Quem sabe um dia, quando tivesse notícia da morte do irmão de Sansa, Sandor não voltaria para proteger a menina.

***

Quando chegaram na Estalagem do Estroncamento, Sansa logo colocou seu capuz, rezando aos Deuses Antigos para que não reconhecessem nem ela, nem Sandor.

Eles pararam nos estábulos e Sansa acompanhou Sandor para guardar Estranho.

– Fique sempre perto de mim! – ordenou Sandor.

Sansa estava sempre de cabeça baixa enquanto andavam. O lugar não estava tão movimentado quanto esperava e agradeceu intensamente por isso.

Sandor pediu por um quarto e o homem rechonchudo que estava atrás do balcão na recepção da cantina esbravejou que havia apenas cama de casal. Sansa reparou que o Cão a olhou por um instante, mas ela não o fez de volta. Ele pediu pelo quarto, sem esperar por uma resposta de Sansa.

Chegaram aos quartos, no movimentado segundo andar. O quarto ficava numa ponta do local, bem afastado das escadas e da movimentação e ruídos. Sansa se surpreendeu com a grandeza do quarto, diferente dos quartos das outras estalagens. A cama de casal tinha um dossel com madeira ornamentada e mosquiteiroS finos de cor azulada. Próximo à lareira, estava uma poltrona. Do outro lado do quarto, estava um biombo com uma banheira atrás. O quarto tinha uma sacada, logo em frente à poltrona, a porta ficava na mesma parede que a cama era encostada. Um armário grande próximo à banheira e uma mesa com duas cadeiras perto da lareira. A decoração era confortável, com velas por todo canto, flores frescas que emanavam um perfume suave.

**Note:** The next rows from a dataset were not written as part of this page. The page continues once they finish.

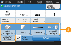 Μπορείτε να αλλάξετε τα πλήκτρα ρυθμίσεων που εμφανίζονται στις οθόνες βασικών λειτουργιών (για αντιγραφή, φαξ και σάρωση) με άλλα πλήκτρα ρυθμίσεων στο <Επιλογές>. Με τον εντοπισμό των συχνά χρησιμοποιούμενων πλήκτρων ρυθμίσεων στην οθόνη βασικών λειτουργιών, μπορείτε να χρησιμοποιήσετε τις λειτουργίες πιο αποτελεσματικά. Επιπλέον, πραγματοποιώντας σύνδεση με διαχείριση ατομικής πιστοποίησης, μπορείτε να εμφανίσετε μια διαφορετική οθόνη βασικών λειτουργιών, προσαρμοσμένη για κάθε χρήστη.
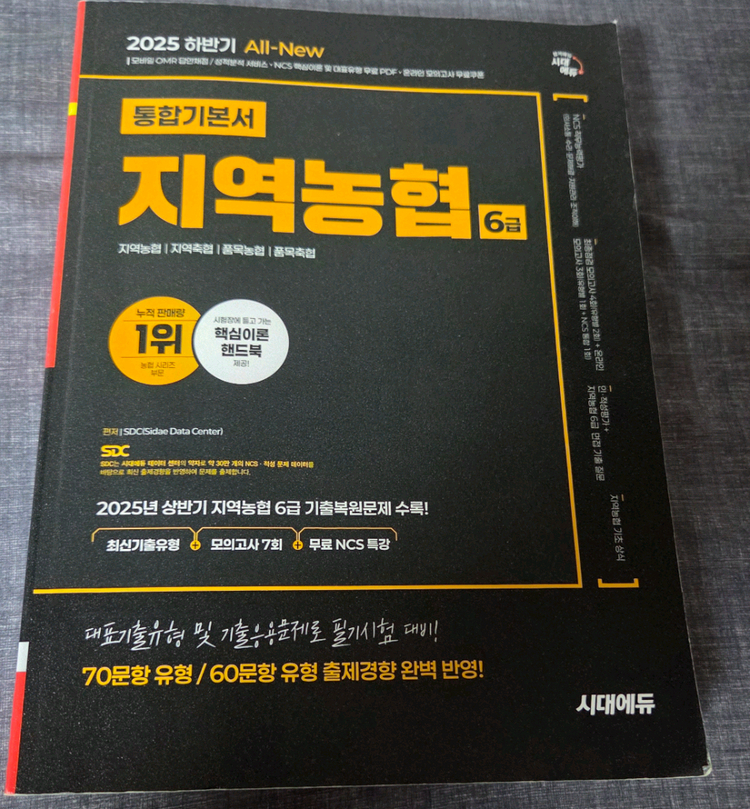 (새책)(50%할인) 시대에듀 통합기본서 지역농협 6급 1. 책이름 : 시대에듀 통합기본서 지역농협 6급 2. 상태 : 새 책 3. 가격 : 정가 26,000원 판매가 13,000원 (편의점 반값택배) +2000 (일반 택배) + 4000
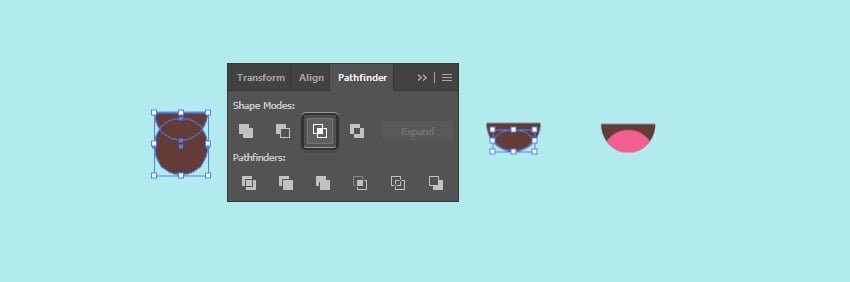 Selecteer nu de halve cirkel en de ellips. In de Pathfinder, klik Intersect. . Vul de tongvorm met een roze kleur (R=238, G=96, B=146).
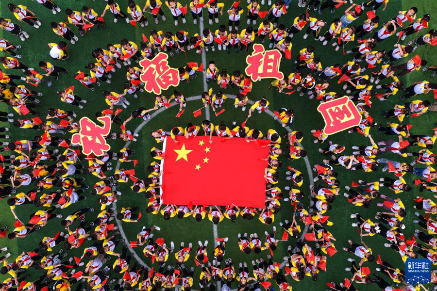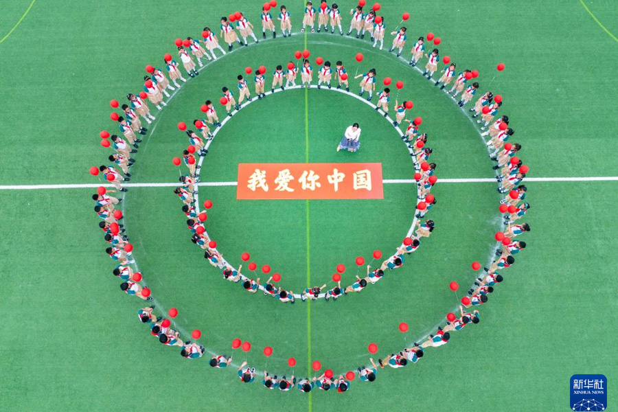 1/09月28日,江蘇省泰州市姜堰區(qū)東橋小學(xué)教育集團(tuán)東板橋校區(qū)學(xué)生學(xué)唱愛國歌曲,迎接國慶節(jié)(無人機(jī)照片)。(新華社發(fā) 周社根/攝)

Sandor jogou suas coisas em um canto e Sansa relaxou com o ambiente do quarto. Ela se sentou por um instante em uma cadeira. Não queria sujar a poltrona ou a cama com seu vestido sujo. Pediu para que Sandor tentasse lhe arranjar um vestimenta nova.

Sandor saiu do quarto para pedir por um banho, roupas novas e comida. E para analisar o local também. Estava mais vazio que o costume e ele não gostava nada disso. Desconfiava de qualquer mudança. Um rapaz mais jovem, da idade de Sansa, veio atendê-lo, garantindo que todos os pedidos seriam atendidos. O rapaz ordenou a uma senhora que fosse preparar o banho para Sansa.

No entanto, o rapaz era intrometido. Ofereceu vinho a Sandor, disse para se sentar, comer e perguntou de onde vinha, para onde ia, qual era o nome, casa. Ele foi seco em todas as questões e apenas deu respostas vagas como: Do Inferno, de onde vinha; Pro inferno, para onde ia; Remungos para seu nome e sua casa. Mas só quando o rapaz perguntou de Sansa, que Sandor abriu os olhos para o que ele queria. Pegou o garoto pelo colarinho e disse que a donzela não lhe pertencia. Sandor o empurrou para tirá-lo do caminho e exigiu que trouxessem a comida para seu quarto. Não ia aguentar ficar com olhares tortos das outras pessoas. Logo reconheceriam seu rosto.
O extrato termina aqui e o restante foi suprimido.